Dust lasts
22/05/09 08:17 Archiviato in:racconto
{di Viviana Capurso}
Giovanni si trova davanti un fantasma. Non può essere Silvia quella che ha davanti.
Gli si chiude lo stomaco, gli viene in mente Cristina nel periodo peggiore, quando era ridotta a poco più di uno spettro.
Ha i capelli castani legati in coda, è pallida, meglio, terrea. Struccata. Trascurata. Vestita male. Claudia non è mai trascurata. Non è neppure sportiva. È sempre inappuntabile, impeccabile, curatissima.
«Vieni, entra! Ma come siamo eleganti!»
Silvia parla e sorride, si muove come un automa.
«Silvia è lunedì mattina, sono le otto. Sto andando al lavoro. È normale che sia vestito da lavoro, no?»
«Eh, già, hai ragione! Chissà dove ho la testa!»
Silvia continua a sorridere come se avesse una paresi.
«Allora, cosa ti offro, una caffé, un tè, una spremuta? Ho preparato delle brioche, sai? Le ho fatte stamattina, sono ancora calde, ci sono alla marmellata...»

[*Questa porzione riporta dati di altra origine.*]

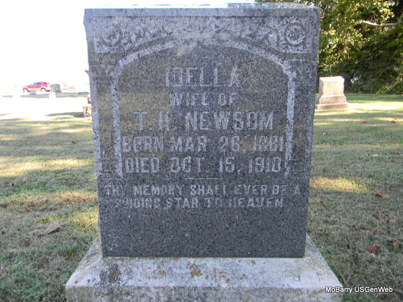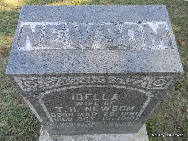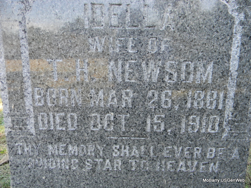 | NEWSOM, Idella | Mar. 26, 1881 | Oct. 15, 1910 | Inscription: "Wife of T. H. Newsom" - Research Note: Wife of Thomas H. Newsom. - Another Photo - Another Photo | Census Phyllis Long Photos Bill Utter |
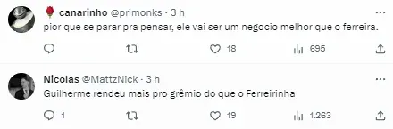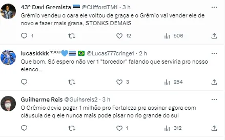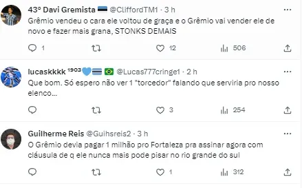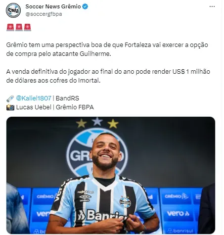 “Grêmio tem uma perspectiva boa de que Fortaleza vai exercer a opção de compra pelo atacante Guilherme. A venda definitiva do jogador ao final do ano pode render US$ 1 milhão de dólares (cerca de R$ 5 milhões) aos cofres do Imortal”, informou Kaliel, conforme postagem do Soccer News Grêmio.
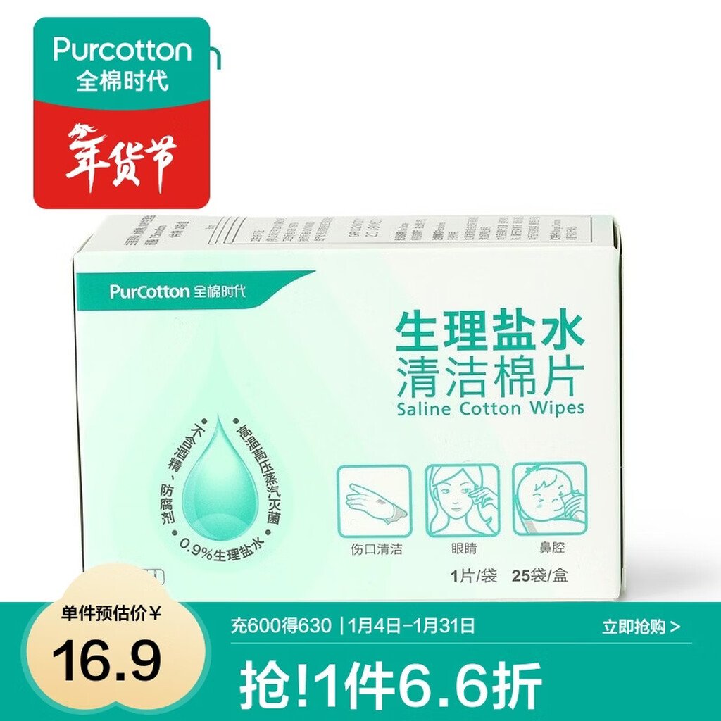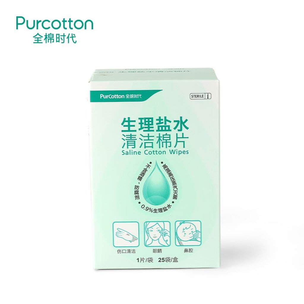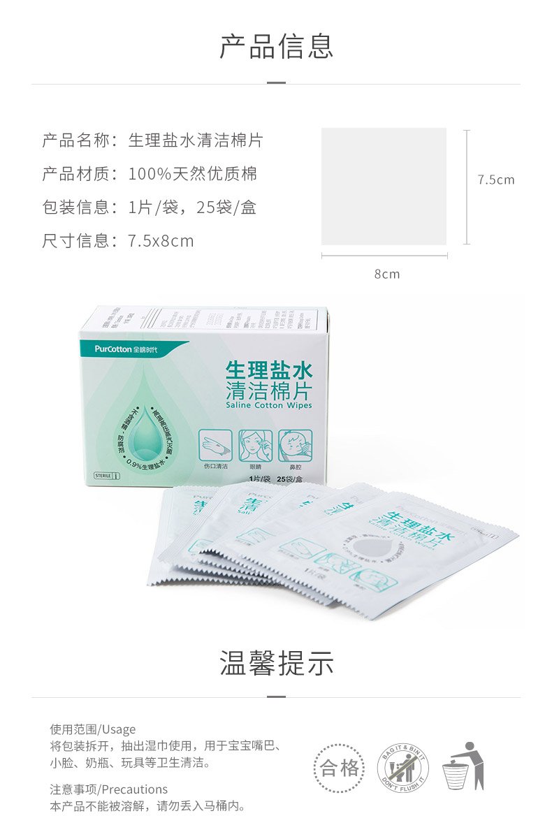 全棉时代 生理盐水清洁棉湿巾婴儿小包单片湿纸巾盒装7.5*8cm 25袋/盒 数量
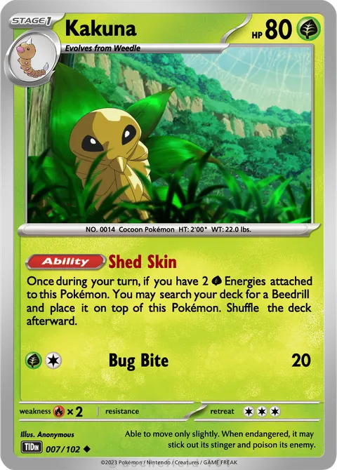 Once during your turn, if you have 2 G Energies attached to this Pokémon. You may search your deck for a Beedrill and place it on top of this Pokémon. Shuffle the deck afterward.Bug Bite • 20
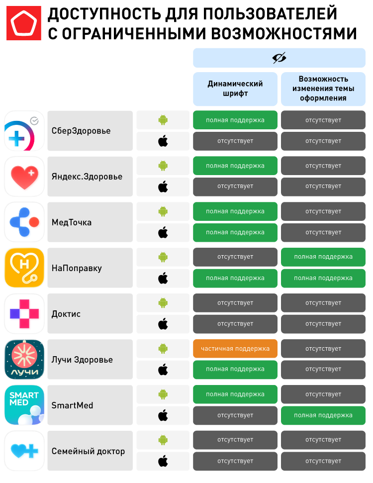 - Адаптация для людей с ограниченными возможностями качественно реализована лишь у «СберЗдоровье» (iOS) и «Яндекс.Здоровье» (Android). Остальные сервисы требуют серьезной доработки в этой части.

Giovanni la interrompe bruscamente «Silvia, non siamo in un bar, non stai prendendo le ordinazioni. Mi basta un caffé, sono qui per parlare con te.»
«Ahahaha, hai ragione, lo dicono anche le mie amiche che sembro Brie Van De Kamp, quella di Disperate Housewives, sai, la serie tv...»
No, Giovanni non guarda la tv. Non ha tempo. Giovanni di sera lavora.
Claudia ogni tanto la guarda. È lei che gli racconta i film che ci sono al cinema, le serie tv. Non che sia una malata di tele, però si tiene aggiornata. A Giovanni piace sentire Claudia che racconta.
Silvia continua a muoversi per la casa, prende le tazze di porcellana, i cucchiaini d’argento, la zuccheriera. Poi si sposta verso una cassettiera e tira fuori le tovagliette da tè.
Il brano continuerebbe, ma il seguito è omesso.